### Problem
Write out the lines of the material below exactly, beginning at the line with "NAME:翔平くん・1歳イン" and stopping after the line with "Pakartoję kaip gamtoje", and leave out the pictures.

### Data to process
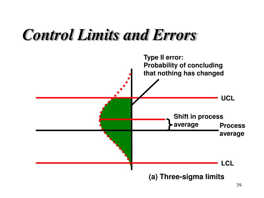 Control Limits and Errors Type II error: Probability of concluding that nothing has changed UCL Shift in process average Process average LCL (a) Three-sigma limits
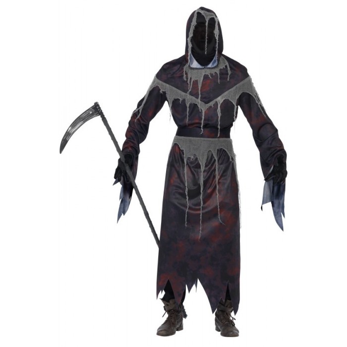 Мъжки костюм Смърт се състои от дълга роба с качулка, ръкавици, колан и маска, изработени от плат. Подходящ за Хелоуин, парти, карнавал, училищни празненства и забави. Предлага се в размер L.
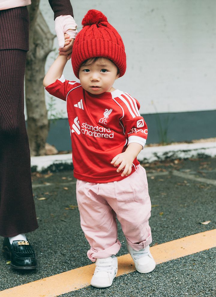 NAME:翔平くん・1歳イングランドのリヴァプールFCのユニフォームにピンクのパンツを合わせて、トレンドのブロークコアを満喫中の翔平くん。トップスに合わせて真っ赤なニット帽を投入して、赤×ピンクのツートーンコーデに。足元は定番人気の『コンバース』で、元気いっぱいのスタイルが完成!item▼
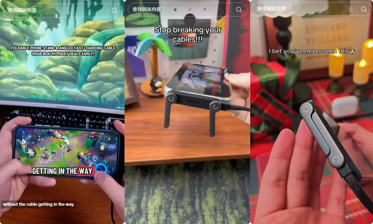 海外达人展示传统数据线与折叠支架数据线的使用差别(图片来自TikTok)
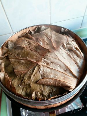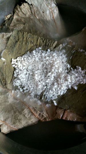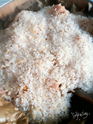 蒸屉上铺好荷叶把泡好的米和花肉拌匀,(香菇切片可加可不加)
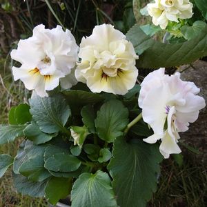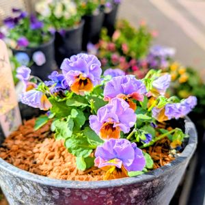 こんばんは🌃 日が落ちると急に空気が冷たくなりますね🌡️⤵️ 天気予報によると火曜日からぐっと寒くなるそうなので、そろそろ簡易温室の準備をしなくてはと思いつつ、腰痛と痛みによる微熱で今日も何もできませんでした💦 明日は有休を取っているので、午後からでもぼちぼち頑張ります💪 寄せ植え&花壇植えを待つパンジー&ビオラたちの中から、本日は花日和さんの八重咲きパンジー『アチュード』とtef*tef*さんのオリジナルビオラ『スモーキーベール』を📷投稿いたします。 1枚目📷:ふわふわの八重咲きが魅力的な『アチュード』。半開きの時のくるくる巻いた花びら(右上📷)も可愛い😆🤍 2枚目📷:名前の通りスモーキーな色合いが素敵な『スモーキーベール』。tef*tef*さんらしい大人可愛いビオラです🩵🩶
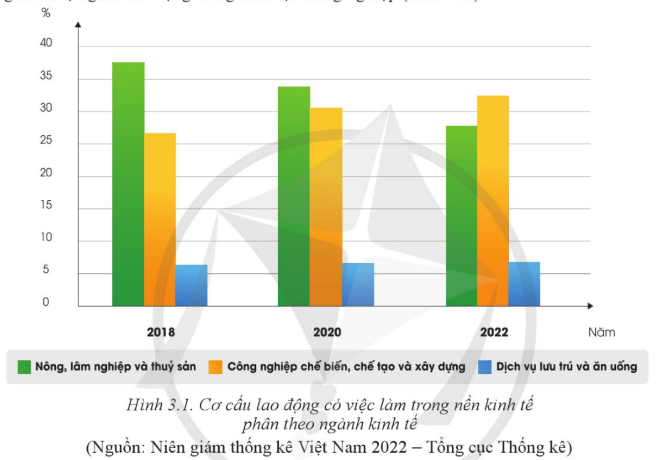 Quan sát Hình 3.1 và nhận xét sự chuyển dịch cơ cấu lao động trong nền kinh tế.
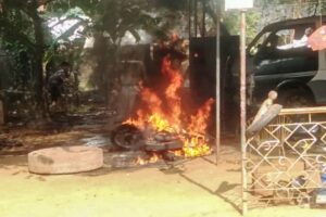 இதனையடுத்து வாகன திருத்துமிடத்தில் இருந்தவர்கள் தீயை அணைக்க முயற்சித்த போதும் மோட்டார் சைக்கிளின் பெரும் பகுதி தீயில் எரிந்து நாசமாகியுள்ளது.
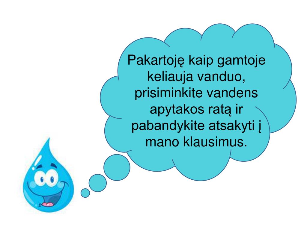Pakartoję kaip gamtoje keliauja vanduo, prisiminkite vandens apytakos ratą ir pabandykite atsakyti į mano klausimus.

---

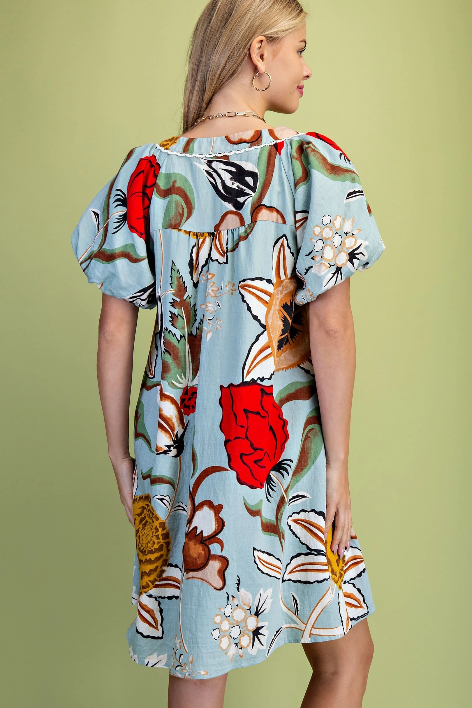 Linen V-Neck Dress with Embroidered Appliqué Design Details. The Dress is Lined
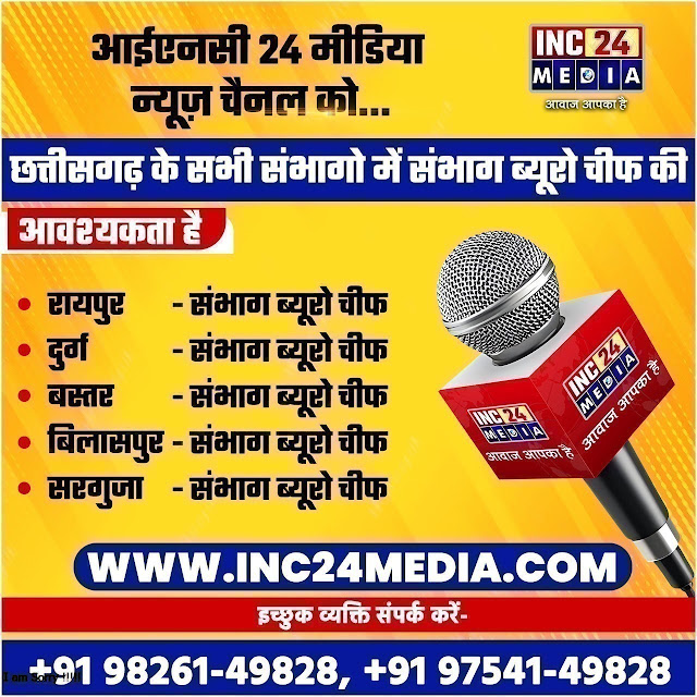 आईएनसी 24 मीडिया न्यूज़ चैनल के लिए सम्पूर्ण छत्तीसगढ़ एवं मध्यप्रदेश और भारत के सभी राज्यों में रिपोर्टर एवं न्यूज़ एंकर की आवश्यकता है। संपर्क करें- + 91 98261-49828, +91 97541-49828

### Expected answer
 NAME:翔平くん・1歳イングランドのリヴァプールFCのユニフォームにピンクのパンツを合わせて、トレンドのブロークコアを満喫中の翔平くん。トップスに合わせて真っ赤なニット帽を投入して、赤×ピンクのツートーンコーデに。足元は定番人気の『コンバース』で、元気いっぱいのスタイルが完成!item▼
 海外达人展示传统数据线与折叠支架数据线的使用差别(图片来自TikTok)
 蒸屉上铺好荷叶把泡好的米和花肉拌匀,(香菇切片可加可不加)
 こんばんは🌃 日が落ちると急に空気が冷たくなりますね🌡️⤵️ 天気予報によると火曜日からぐっと寒くなるそうなので、そろそろ簡易温室の準備をしなくてはと思いつつ、腰痛と痛みによる微熱で今日も何もできませんでした💦 明日は有休を取っているので、午後からでもぼちぼち頑張ります💪 寄せ植え&花壇植えを待つパンジー&ビオラたちの中から、本日は花日和さんの八重咲きパンジー『アチュード』とtef*tef*さんのオリジナルビオラ『スモーキーベール』を📷投稿いたします。 1枚目📷:ふわふわの八重咲きが魅力的な『アチュード』。半開きの時のくるくる巻いた花びら(右上📷)も可愛い😆🤍 2枚目📷:名前の通りスモーキーな色合いが素敵な『スモーキーベール』。tef*tef*さんらしい大人可愛いビオラです🩵🩶
 Quan sát Hình 3.1 và nhận xét sự chuyển dịch cơ cấu lao động trong nền kinh tế.
 இதனையடுத்து வாகன திருத்துமிடத்தில் இருந்தவர்கள் தீயை அணைக்க முயற்சித்த போதும் மோட்டார் சைக்கிளின் பெரும் பகுதி தீயில் எரிந்து நாசமாகியுள்ளது.
Pakartoję kaip gamtoje keliauja vanduo, prisiminkite vandens apytakos ratą ir pabandykite atsakyti į mano klausimus.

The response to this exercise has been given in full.